Veganism and harm to animals before harvest

The aim of veganism is to avoid harming animals as much as possible. One of the main ways to do this is by eating and wearing products derived from plants rather than animals. However, due to common agricultural practices currently in use, the growing of some plant products involves animals being harmed at some stage before harvest. These can be animals harmed during clearing land for farms and factories, animals used to produce the manure, fish meal and blood and bone used as fertiliser, insects killed by pesticides, other 'pest' animals killed to protect crops and animals such as mice harmed by harvesting machines. In addition, some commercial crops are fertilised by bees owned and transported by bee keepers.

The fact is that, at present, living a vegan lifestyle causes some harm to animals. But does this invalidate the principle that we should avoid hurting others wherever we can? Since we can not be "perfect", is there any point in trying at all? This view is clearly illogical. The secondary deaths due to plant farming in no way excuse the deliberate killing of over half a billion farmed animals in Australia for food every year. We must always do our best. This view, that since we can not avoid all harm then we should not try to do better, is like claiming that since we may not be able to reduce the number of road traffic accidents to zero, then we should stop trying to make the roads safer.

Another issue is whether more animals are harmed by a plant-only diet than by a diet which includes animal products. Authors, such as Mike Archer, argue that a vegan diet causes more suffering than a meat diet, claiming that plant growing results in over 25 times more sentient animals being killed per kilogram of usable protein. While he gives some evidence for this, the argument has been thoroughly discredited and we refer you to the links listed at the end of this article.

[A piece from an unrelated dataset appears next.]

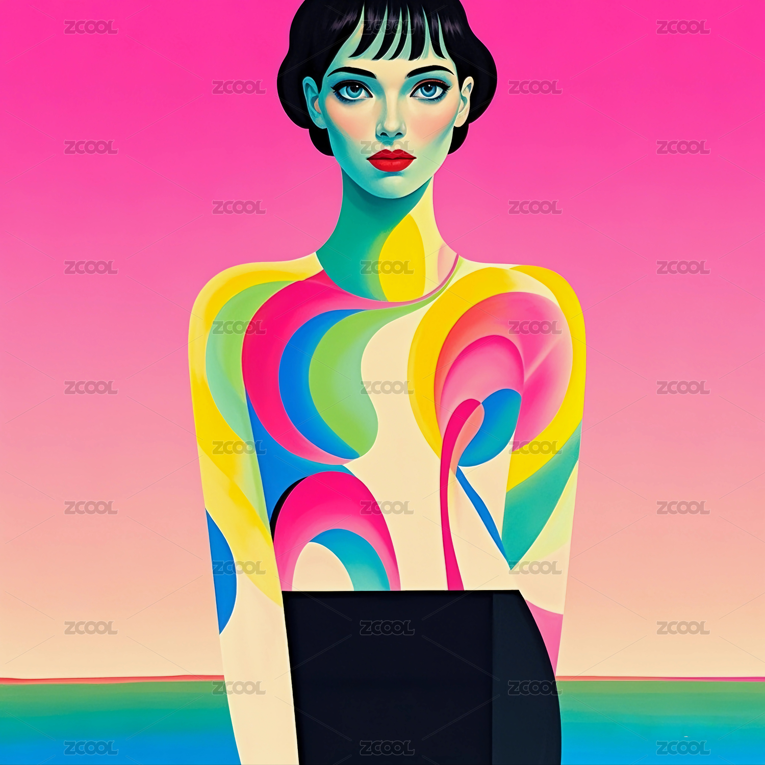 插画风格的时尚美女艺术画

In any case, a huge volume of crops is grown to feed farmed animals. In Australia, farmed animals consume more crops than humans, eating twice as much grain as people. Just like plant foods grown for human consumption, the production of these feed crops also harms animals. So, by eating plants directly, rather than feeding them to animals whom we then eat, there would be fewer acres of land under cultivation and so less incidental harm to animals.

The production of animal products inherently involves the suffering and death of animals, whereas in plant farming it is not a necessary part of the process. To solve the issue of animals being harmed in plant farming, we should encourage better plant farming practices to reduce this nonessential harm to animals. This is in addition to not eating animals directly. There are alternative methods of farming, such as veganics and stock-free farming, that try to address some of the issues, by using green manures, companion planting, encouraging natural pest control, more use of netting, etc. Other ways to protect animals could be the introduction of improved planting and harvesting methods. See this excellent video on veganics:

These alternative methods of farming are not yet widely used and do not yet produce enough food to feed a vegan world. Also, most plant products are sold as commodities and so it is very difficult to trace them back to the source to check how they were grown. Finally, information about which plant products cause less harm to animals is not yet widely known. It may be that, for example, millet causes less harm than rice and so we should tend to eat more millet.

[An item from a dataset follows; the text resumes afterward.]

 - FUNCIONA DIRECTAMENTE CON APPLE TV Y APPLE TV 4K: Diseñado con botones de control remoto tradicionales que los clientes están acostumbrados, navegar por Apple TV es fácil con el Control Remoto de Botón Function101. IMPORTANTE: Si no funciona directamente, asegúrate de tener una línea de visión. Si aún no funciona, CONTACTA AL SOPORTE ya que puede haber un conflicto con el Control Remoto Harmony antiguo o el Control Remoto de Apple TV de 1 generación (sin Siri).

All this means that currently vegans must eat plant foods that were grown in ways that may have caused harm to animals. This is unfortunate but unavoidable and is consistent with the principle that we should try the best we can to cause the least harm possible.

As Gary Francione says: "if we all went vegan because we cared morally about nonhumans, that would necessarily translate into methods of crop production that would be more mindful of incidental and unintended deaths." (See in comments here.)

Vegans avoid directly consuming animal products, avoid products tested on animals and check that animal products were not used in the production process after harvest. In general, they currently do not insist on absolutely no animal use before harvest. This is because, at the moment, it is not practicable to avoid all harm occurring before harvest and still provide enough plant food for all. However, many vegans will avoid cases where the harm caused to animals before harvest is well publicised or widespread, such as harm caused to orangutans due to palm oil plantations and the integral use of animals on traditional biodynamic farms.

In the future, when veganic methods of agriculture become more widespread, vegans will begin to insist on food grown using farming techniques that cause as little harm to animals as possible.